The method’s accuracy was further evaluated by measuring the recovery of nitrite and nitrate in the spiked smoked sausage at 3 levels of concentrations. Good recovery was obtained in the range of 89–118%, with RSDs all below 3.2%, suggesting that the developed µPAD method possess high accuracy. Therefore, these results confirm that the proposed µPADs achieve the detection of nitrite and nitrate in food samples. The proposed device consisted of only chromatography paper, a scanner, and the Image J software and has the advantages of being instrument-free, simplicity, cost-effectiveness, requiring less chemical reagent, and being a rapid analysis method.

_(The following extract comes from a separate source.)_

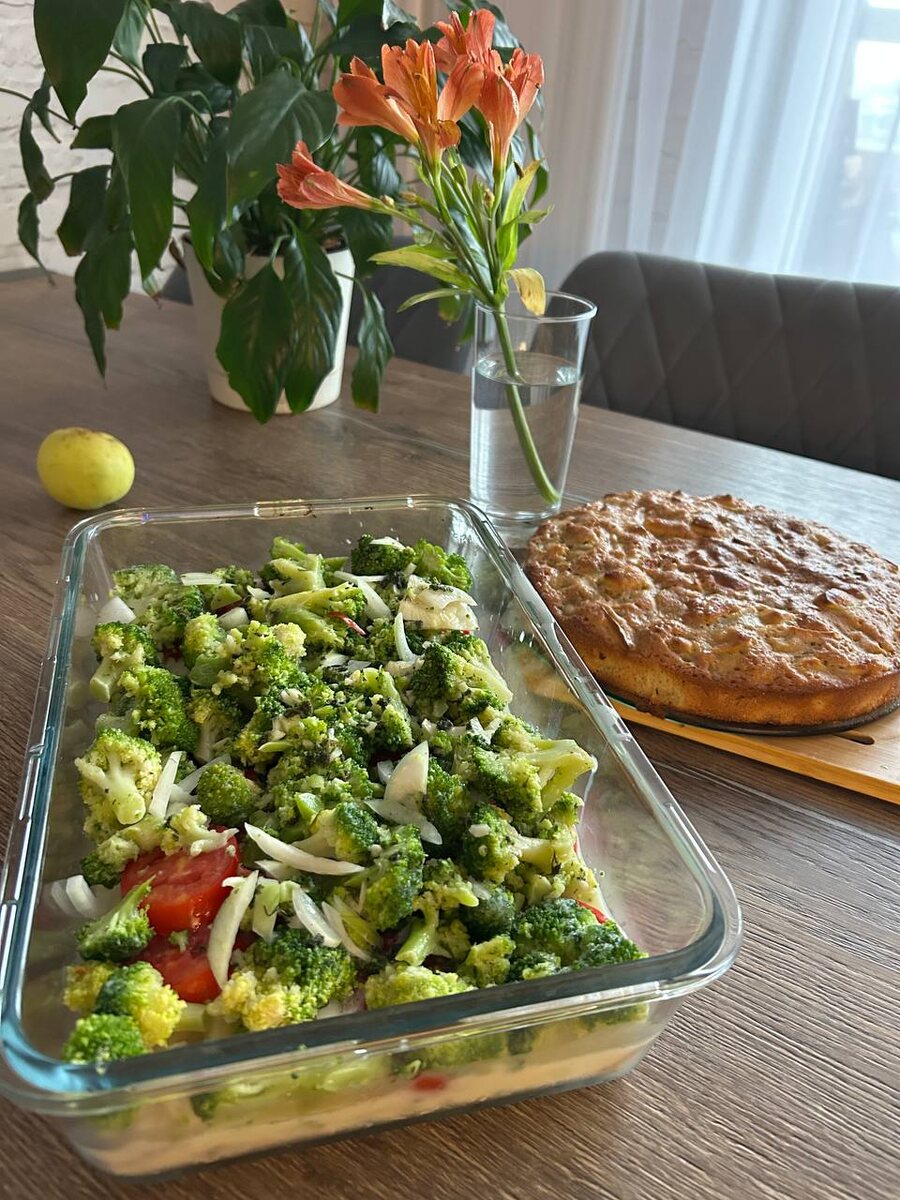 (Треска, лук, помидоры, брокколи, залито взбитым яйцом с молоком)
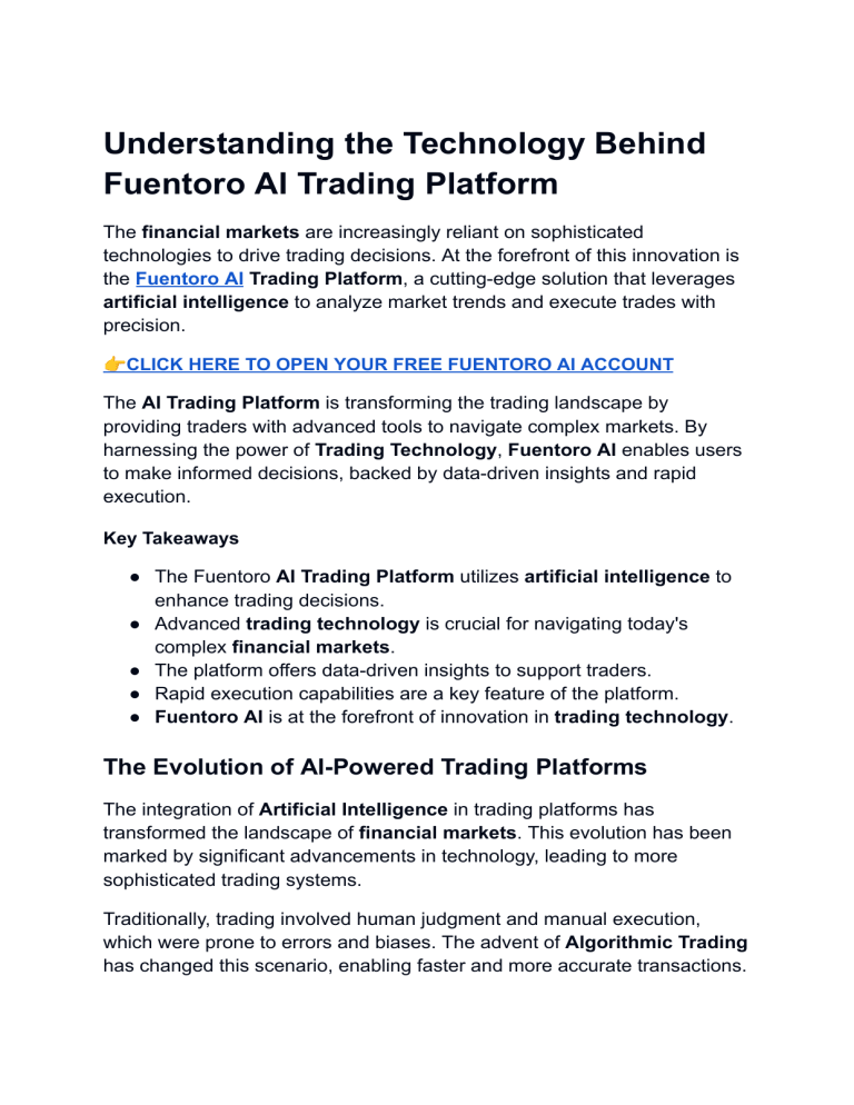 Understanding the Technology Behind Fuentoro AI Trading Platform The financial markets are increasingly reliant on sophisticated technologies to drive trading decisions. At the forefront of this innovation is the Fuentoro AI Trading Platform, a cutting-edge solution that leverages artificial intelligence to analyze market trends and execute trades with precision. πCLICK HERE TO OPEN YOUR FREE FUENTORO AI ACCOUNT The AI Trading Platform is transforming the trading landscape by providing traders with advanced tools to navigate complex markets. By harnessing the power of Trading Technology, Fuentoro AI enables users to make informed decisions, backed by data-driven insights and rapid execution. Key Takeaways ββ The Fuentoro AI Trading Platform utilizes artificial intelligence to enhance trading decisions. ββ Advanced trading technology is crucial for navigating today's complex financial markets. ββ The platform offers data-driven insights to support traders. ββ Rapid execution capabilities are a key feature of the platform. ββ Fuentoro AI is at the forefront of innovation in trading technology. The Evolution of AI-Powered Trading Platforms The integration of Artificial Intelligence in trading platforms has transformed the landscape of financial markets. This evolution has been marked by significant advancements in technology, leading to more sophisticated trading systems. Traditionally, trading involved human judgment and manual execution, which were prone to errors and biases. The advent of Algorithmic Trading has changed this scenario, enabling faster and more accurate transactions. Traditional Trading vs. Algorithmic Trading Algorithmic trading uses predefined rules to execute trades, reducing the impact of human emotions on trading decisions. This has led to improved efficiency and reduced costs. The table below highlights the key differences between traditional and algorithmic trading: Criteria Traditional Trading Algorithmic Trading Execution Speed Manual, slower Automated, faster Decision Making Human judgment Predefined algorithms The Rise of AI in Financial Markets The incorporation of Artificial Intelligence in financial markets has further enhanced trading capabilities. AI algorithms can analyze vast amounts of data, identify patterns, and make predictions, thereby improving trading outcomes. The use of AI in trading platforms has opened new avenues for investors, providing them with sophisticated tools to navigate complex financial markets. Fuentoro AI: Core Technology and Architecture At the heart of Fuentoro AI Review lies a complex system of algorithms and neural networks designed to analyze and predict market trends with high accuracy. This sophisticated technology enables Fuentoro AI to make informed trading decisions, maximizing returns for its users. Proprietary Machine Learning Algorithms Fuentoro AI employs proprietary machine learning algorithms that are capable of learning from vast amounts of market data. These algorithms are crucial for predicting price movements and optimizing trading strategies. Supervised Learning Models for Price Prediction Supervised learning models are used to train the system on historical data, enabling it to predict future price movements based on patterns identified in the data. Reinforcement Learning for Strategy Optimization Reinforcement learning techniques allow the system to optimize its trading strategies by learning from the outcomes of its actions, adapting to changing market conditions. π₯START TRADING SMARTER WITH FUENTORO AI — JOIN HERE Neural Network Infrastructure The neural network infrastructure of Fuentoro AI is designed to recognize complex patterns in market data. This infrastructure is critical for making accurate predictions and informed trading decisions. Deep Learning Networks for Pattern Recognition Deep learning networks play a key role in pattern recognition, enabling the system to identify subtle trends and anomalies in the market data. Technology Description Application Machine Learning Algorithms that learn from data Price Prediction Neural Networks Complex networks for pattern recognition Trend Analysis Deep Learning Advanced networks for subtle pattern recognition Anomaly Detection Data Processing and Analysis Capabilities At the heart of Fuentoro AI's success is its robust data processing and analysis infrastructure. The platform's ability to handle vast amounts of data in real-time is crucial for making informed trading decisions. Real-Time Market Data Integration Fuentoro AI integrates real-time market data, enabling traders to react swiftly to market changes. This feature is crucial for staying competitive in the fast-paced trading environment. Big Data Analytics Framework The Big Data Analytics framework is a cornerstone of Fuentoro AI's data processing capabilities. It allows for the analysis of structured and unstructured data, providing a comprehensive view of market trends. Structured and Unstructured Data Processing Fuentoro AI can process both structured and unstructured data, including financial reports, news articles, and social media feeds. This capability is essential for gaining a complete understanding of market dynamics. Predictive Analytics Models Fuentoro AI Reviews Trustpilot The platform utilizes predictive analytics models to forecast market movements. These models are continuously refined to improve accuracy. Cloud Computing Resources and Scalability Fuentoro AI leverages cloud computing resources to ensure scalability and flexibility. This allows the platform to handle increased data loads without compromising performance. The combination of real-time data integration, big data analytics, and cloud computing resources makes Fuentoro AI a powerful tool for traders. As illustrated in the diagram: , the platform's infrastructure is designed to support complex data analysis. By harnessing the power of big data and cloud computing, Fuentoro AI provides traders with the insig

As it can be seen in Table S1, it is important to highlight the fabrication of µPAD for the simultaneous nitrite and nitrate detections in food samples. The proposed device consisted of only chromatography paper, scanner and Image J software with following advantages: instrument-free, simplicity, cost effectiveness, less chemical reagent and rapid analysis method.

4. Conclusions

We have developed a μPAD fabrication method using polylactic acid as a new hydrophobic material with which to create a hydrophilic channel and a hydrophobic barrier on paper with a screen-printing method performed in a single fabrication step without requiring external heat, UV light, expensive printers, or complex instrumentation. To demonstrate the feasibility of the proposed μPAD as an analytical device, it was applied to detect nitrite and nitrate in food samples. Consequently, the analytical results obtained by the μPAD were in good agreement with those obtained by the spectrophotometric method. The developed μPAD exhibited low-cost, rapid results, low consumption of reagents, and simplicity, in that it does not require instrumentation for the read-out. Therefore, this polylactic acid screen-printing method provides an alternative and inexpensive fabrication method for μPADs. This fabrication technique has potential applications for chemical sensor and biosensors devices in developing countries.